I'll follow up later with serial and more pics, sadly there is a nearly completely rusted through inch or so near a rear dropout but still some nice useable parts and badge. I tracked down the owner at a nearby house who planned to sell it at an upcoming yard sale for $20. 


Message from the field


----------



## Iverider (Aug 18, 2014)

Cool!!! I take it you bought it??? Is the whole frame nickel or chrome? Or is it painted? Looks like a good donor bike at the least!


----------



## Jesse McCauley (Aug 19, 2014)

*Back home*

There were fifteen minutes there when I really thought I had to leave this Iver on the porch where I found it. I took the picture above when it seemed I had to give up and move on, it was painful. 
Fortunately he returned my call(s) and I doubled back to meet him. 

It looks like it was completely plated, in nickel or chrome I can't say - any ideas? 
Serial # 519354 stamped on the seat tube

I pulled a couple pictures with my phone but I'm going to clean it a little and get some better ones shortly.


----------



## bricycle (Aug 19, 2014)

Great find!!!


----------



## Iverider (Aug 19, 2014)

I believe that's early 1930s. Looks like Chrome to me, but I can't be sure from the photos. have any chrome to compare it to? Nickel will have the slightest yellowish hue while Chrome generally has a bit of a blue hue to it.


----------



## Jesse McCauley (Aug 19, 2014)

*Update-*

Spent a little time with the Iver today - She came apart without too much difficulty. 

Some mismatched stuff but the crankset is complete and will clean up nicely. 
I thought I had a matching wheel & tire set at a glance but turns out... 

Front: Badly flaking unknown hub / steel wheel / single tube pneumatic US Giant Chain Tread tire
Rear: Badly rusted Morrow coaster hub / steel clad wood wheel / single tube pneumatic York tire

The front fender appears to be an original Iver Johnson part (open to suggestions)
The rear fender is drilled for a string skirt guard, has different stays, and is a different bend-pattern than the front fender.

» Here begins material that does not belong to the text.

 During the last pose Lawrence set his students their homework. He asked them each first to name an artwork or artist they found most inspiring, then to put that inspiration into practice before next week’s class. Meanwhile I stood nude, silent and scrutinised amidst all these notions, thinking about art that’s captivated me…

Does anyone recognize the rear fender from another 28'' women's bike? 

I also included a picture of the really sad bit of rot- anybody feel up for chopping & creating a splice in such an unfortunate case?


----------



## Jesse McCauley (Aug 19, 2014)

*Fork & Crankset*

Fork and crankset will both clean up very well I think - I'm not sure yet what to use to keep the chrome in the best shape but I'll do a little forum scouring and find the answers. 
The stem is in pretty rough shape but at least it came out. 

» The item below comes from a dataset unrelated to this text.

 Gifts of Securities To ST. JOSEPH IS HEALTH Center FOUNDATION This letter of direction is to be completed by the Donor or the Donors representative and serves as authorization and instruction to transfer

Last bit- serial # image for anyone collecting them.


----------



## theyankeedoodler (Aug 19, 2014)

Bunmah! On the stay rusting out.  Fork & crankset look nice.


----------



## bricycle (Aug 19, 2014)

huh.....never seen a steel wheel like that one! Cool plated frame, too bad about the seat stay! Maybe some one here would volunteer to take on repairing it?


----------



## olderthandirt (Aug 20, 2014)

*selling parts ?*

if you decide to part this out i would like to make an offer on the parts ? hows a 100.00 for the parts ,head badge and crankset ,bottom,  bracket headset,front fork, thats it,just an offer to consider .


----------



## Jesse McCauley (Aug 20, 2014)

*Likely*

I will likely break into selling mode here soon- I have a garage full of bicycles to work through once this weather breaks. 
I'll start a selling thread shortly. 

To that end I was hoping to identify that rear rain-gutter fender....


----------